INPUT –

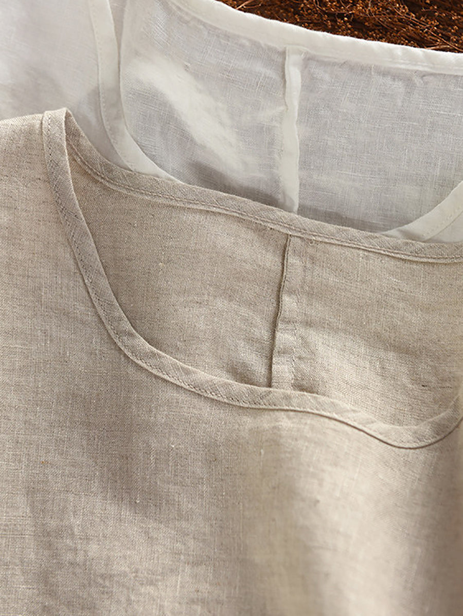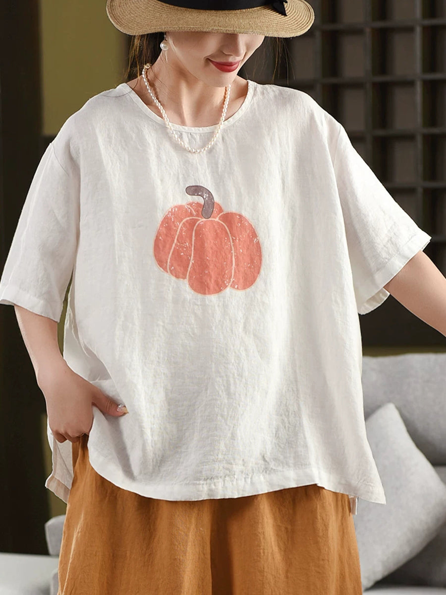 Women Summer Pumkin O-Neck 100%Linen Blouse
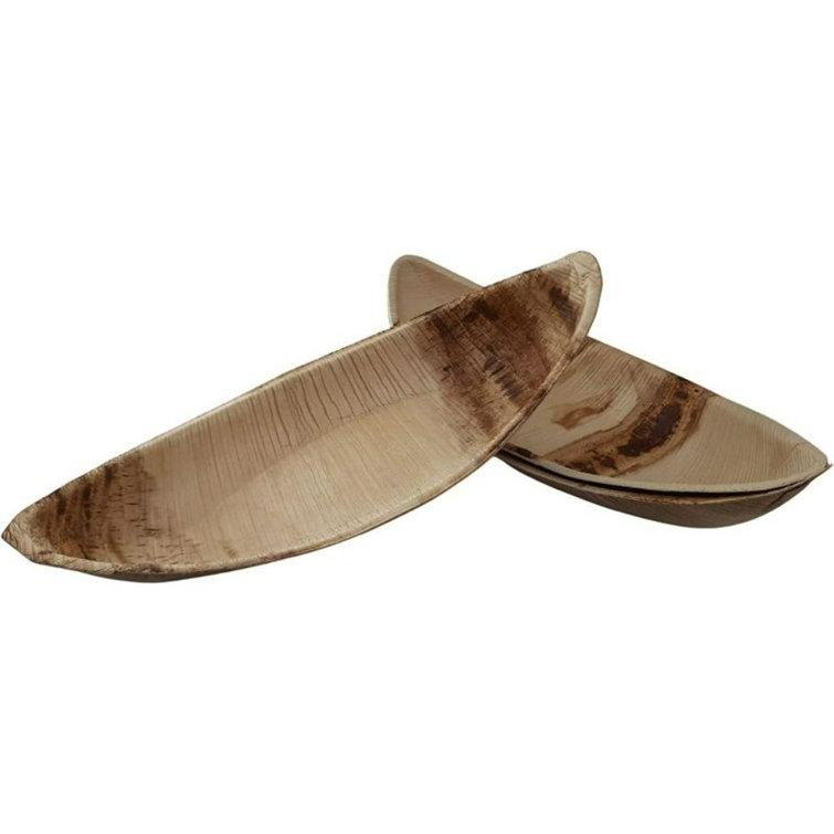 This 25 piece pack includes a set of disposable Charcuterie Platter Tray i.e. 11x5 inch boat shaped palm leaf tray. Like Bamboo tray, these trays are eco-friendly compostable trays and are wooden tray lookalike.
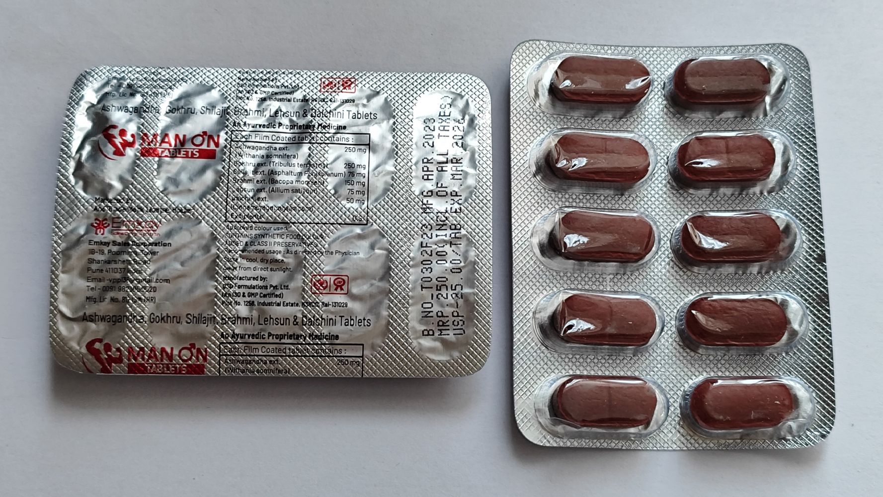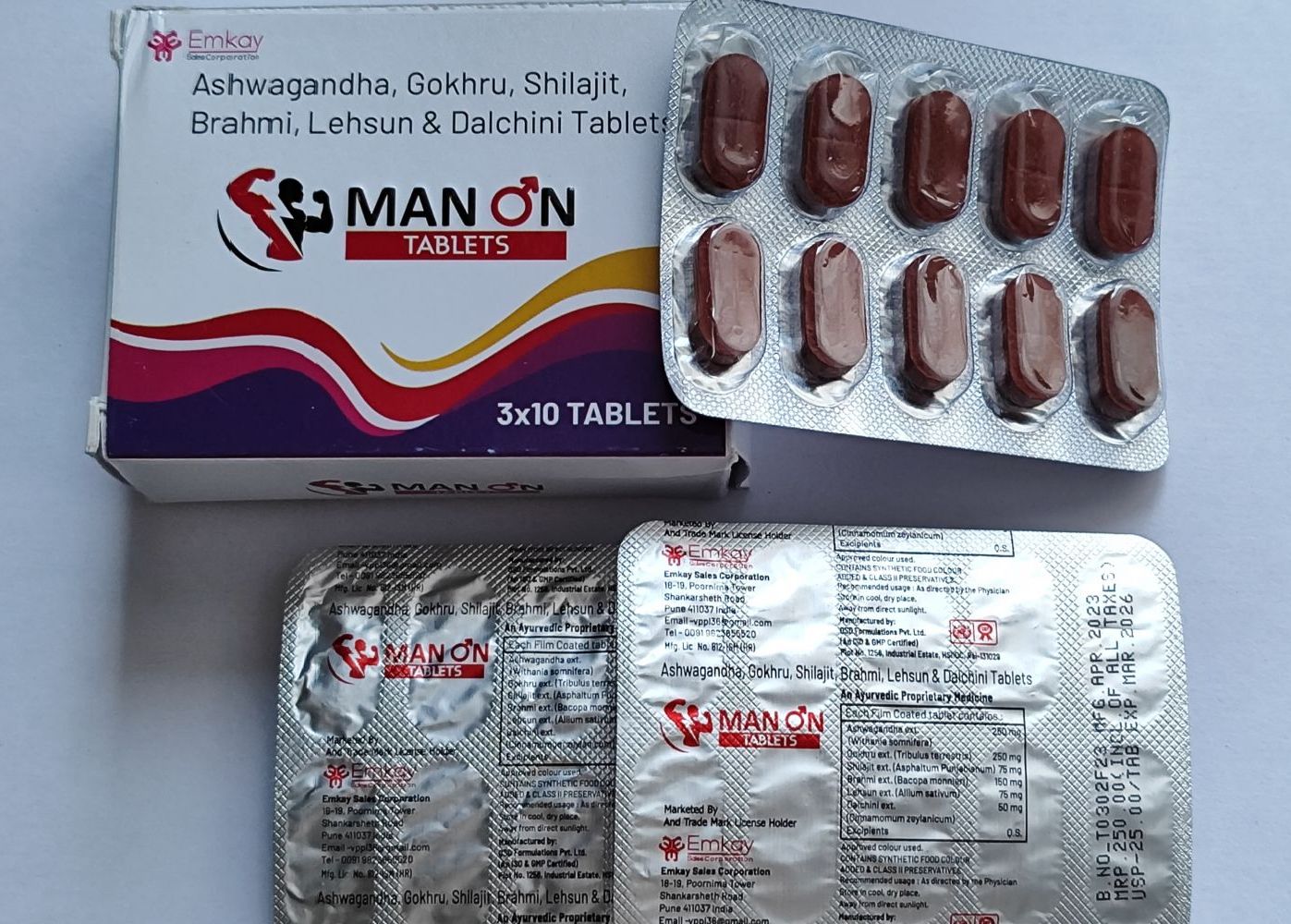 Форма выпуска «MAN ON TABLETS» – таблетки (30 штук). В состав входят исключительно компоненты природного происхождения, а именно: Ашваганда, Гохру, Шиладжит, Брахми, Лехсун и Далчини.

...

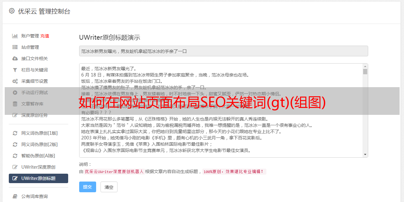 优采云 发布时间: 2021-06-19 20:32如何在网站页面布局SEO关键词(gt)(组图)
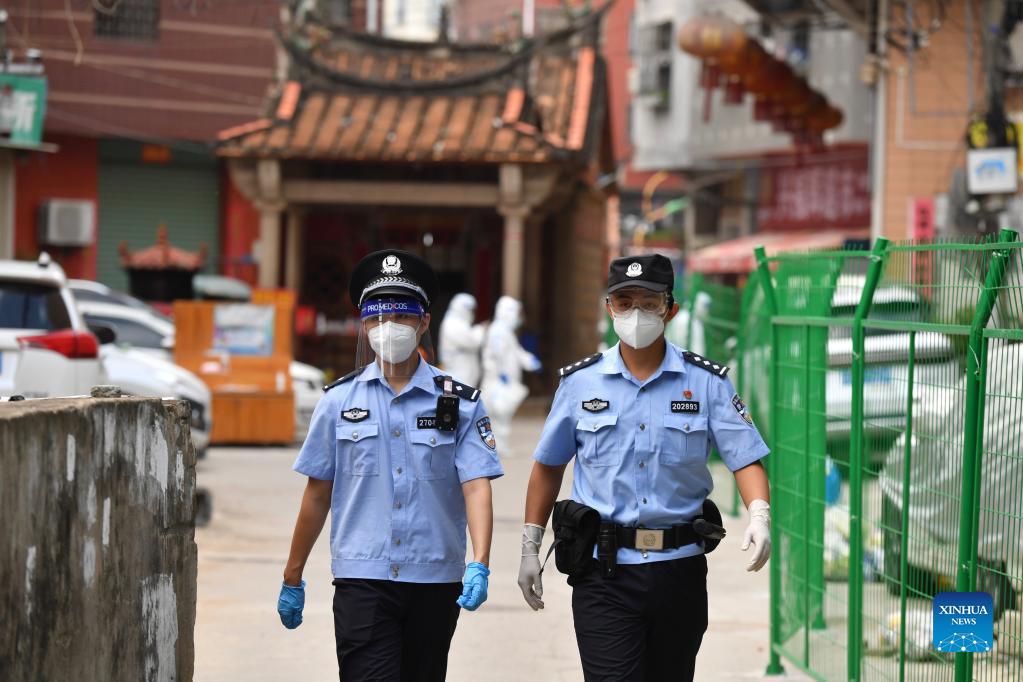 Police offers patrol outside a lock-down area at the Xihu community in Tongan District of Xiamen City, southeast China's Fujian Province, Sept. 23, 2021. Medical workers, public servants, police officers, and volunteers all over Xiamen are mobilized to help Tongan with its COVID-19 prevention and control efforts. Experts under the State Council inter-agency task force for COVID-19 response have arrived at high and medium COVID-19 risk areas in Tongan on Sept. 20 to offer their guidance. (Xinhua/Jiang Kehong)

YOUR ASSIGNMENT – In the records above, find the line with "Women Summer Pumkin O-Neck 100%Linen Blouse" and the line with "Лехсун и Далчини.". Write out exactly those lines and every one between, with no pictures and no other lines.

REPLY TO THE EXERCISE –
 Women Summer Pumkin O-Neck 100%Linen Blouse
 This 25 piece pack includes a set of disposable Charcuterie Platter Tray i.e. 11x5 inch boat shaped palm leaf tray. Like Bamboo tray, these trays are eco-friendly compostable trays and are wooden tray lookalike.
 Форма выпуска «MAN ON TABLETS» – таблетки (30 штук). В состав входят исключительно компоненты природного происхождения, а именно: Ашваганда, Гохру, Шиладжит, Брахми, Лехсун и Далчини.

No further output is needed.